* **Action item**
Transcribe exactly the lines below that begin at the line with "Art. Nr. 28221" and stop after the line with "In Guangzhou, China, vetiver", leaving out every picture.

* **Data to process**
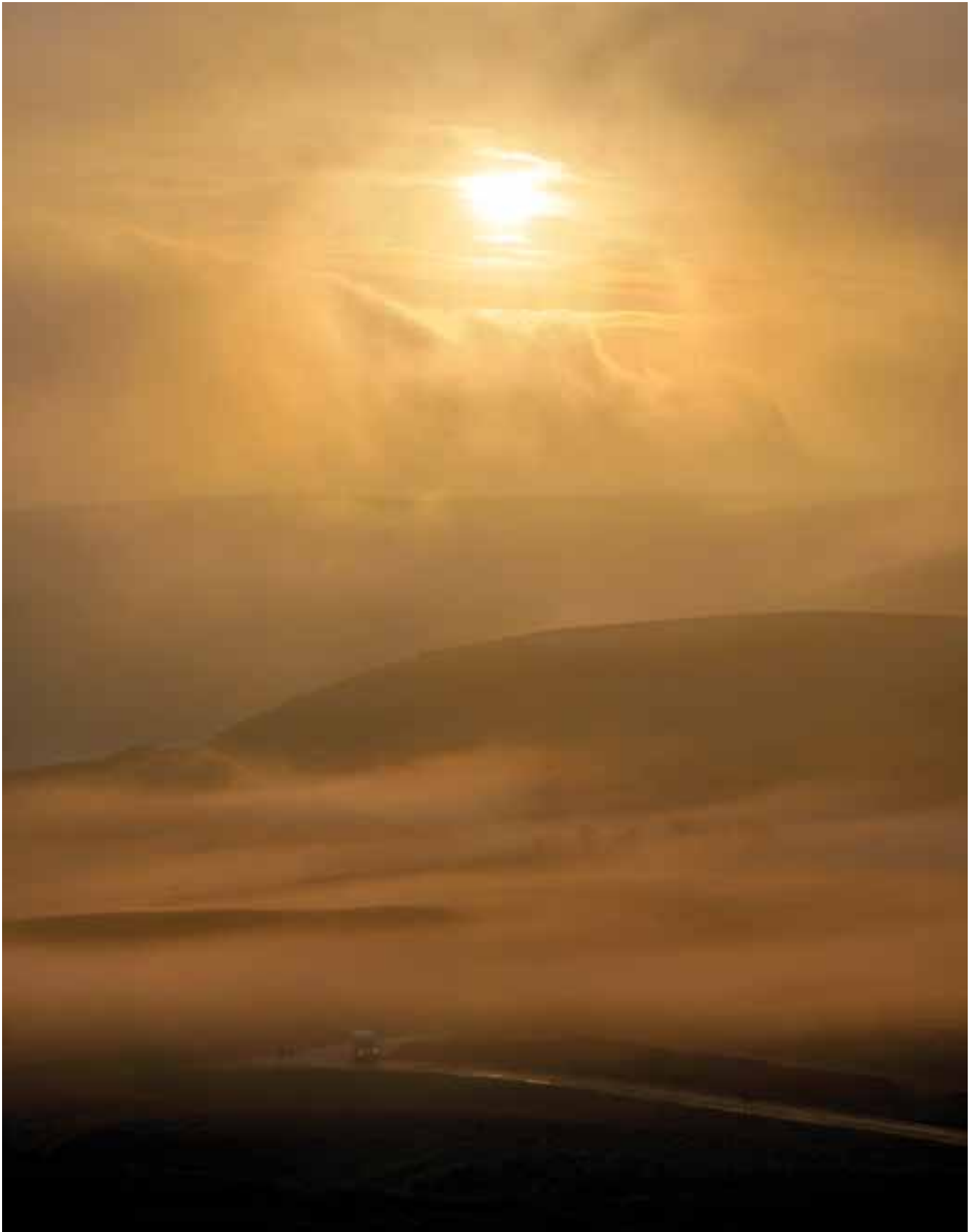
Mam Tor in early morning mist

...

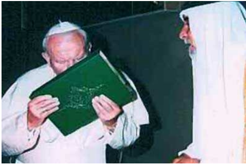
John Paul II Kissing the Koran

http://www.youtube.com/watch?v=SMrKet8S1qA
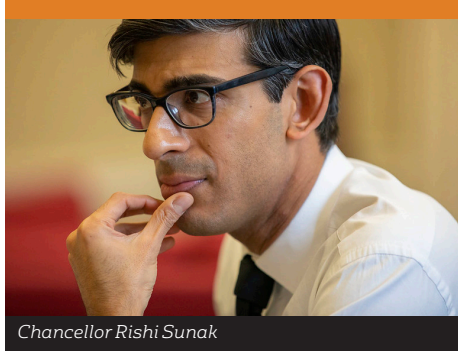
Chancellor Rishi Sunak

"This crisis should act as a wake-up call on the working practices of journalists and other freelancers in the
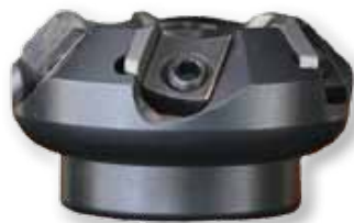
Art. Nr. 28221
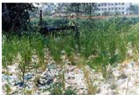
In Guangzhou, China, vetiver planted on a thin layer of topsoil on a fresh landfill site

* **Response to the task**
Art. Nr. 28221
In Guangzhou, China, vetiver planted on a thin layer of topsoil on a fresh landfill site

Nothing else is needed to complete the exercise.